Try it → Send back the data below exactly. Drop every picture.

Data below →
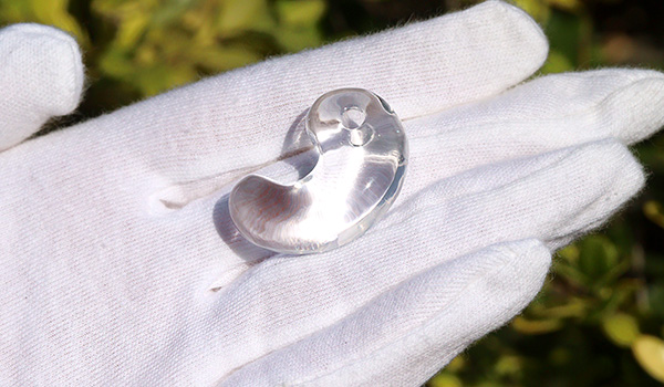 また、この大きさの勾玉を磨き出すためには、それ以上に大きな水晶の原石が必要となりますが、今では鉱山が閉鎖されているために新たな産出はできず、
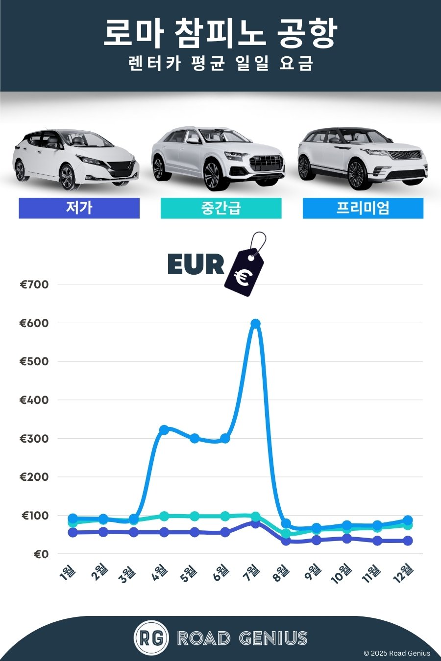 평균적으로 로마참피노공항에서 렌터카 요금은 하루에 약 €104이며, 최저가는 하루에 €34부터 이용할 수 있습니다.
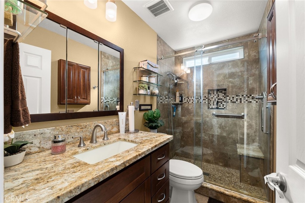 STUNNINGLY REMODELED 4BD/2BA + LOFT IN RIVERSIDE! Experience modern luxury in this meticulously upgraded home featuring high vaulted ceilings, exposed wood beams, fireplace and elegant plantation shutters throughout. The fully remodeled chef’s kitchen is a showstopper with premium granite countertops, designer cabinetry, and a high-end stainless steel appliance suite. The primary suite boasts a spa-like master bathroom highlighted by a massive walk-in shower with dramatic book-matched stone slabs and a rainfall showerhead. Relax by the living room fireplace or head upstairs to the 4th bedroom and expansive loft, the perfect "flex space" for a home office or media room. Beautiful new flooring flows to the private covered patio, ideal for year-round entertaining. This turnkey gem offers sophisticated design and an open-concept layout in a prime 92505 location. Move-in ready—schedule your tour today!

Answer for this exercise →
 また、この大きさの勾玉を磨き出すためには、それ以上に大きな水晶の原石が必要となりますが、今では鉱山が閉鎖されているために新たな産出はできず、
 평균적으로 로마참피노공항에서 렌터카 요금은 하루에 약 €104이며, 최저가는 하루에 €34부터 이용할 수 있습니다.
 STUNNINGLY REMODELED 4BD/2BA + LOFT IN RIVERSIDE! Experience modern luxury in this meticulously upgraded home featuring high vaulted ceilings, exposed wood beams, fireplace and elegant plantation shutters throughout. The fully remodeled chef’s kitchen is a showstopper with premium granite countertops, designer cabinetry, and a high-end stainless steel appliance suite. The primary suite boasts a spa-like master bathroom highlighted by a massive walk-in shower with dramatic book-matched stone slabs and a rainfall showerhead. Relax by the living room fireplace or head upstairs to the 4th bedroom and expansive loft, the perfect "flex space" for a home office or media room. Beautiful new flooring flows to the private covered patio, ideal for year-round entertaining. This turnkey gem offers sophisticated design and an open-concept layout in a prime 92505 location. Move-in ready—schedule your tour today!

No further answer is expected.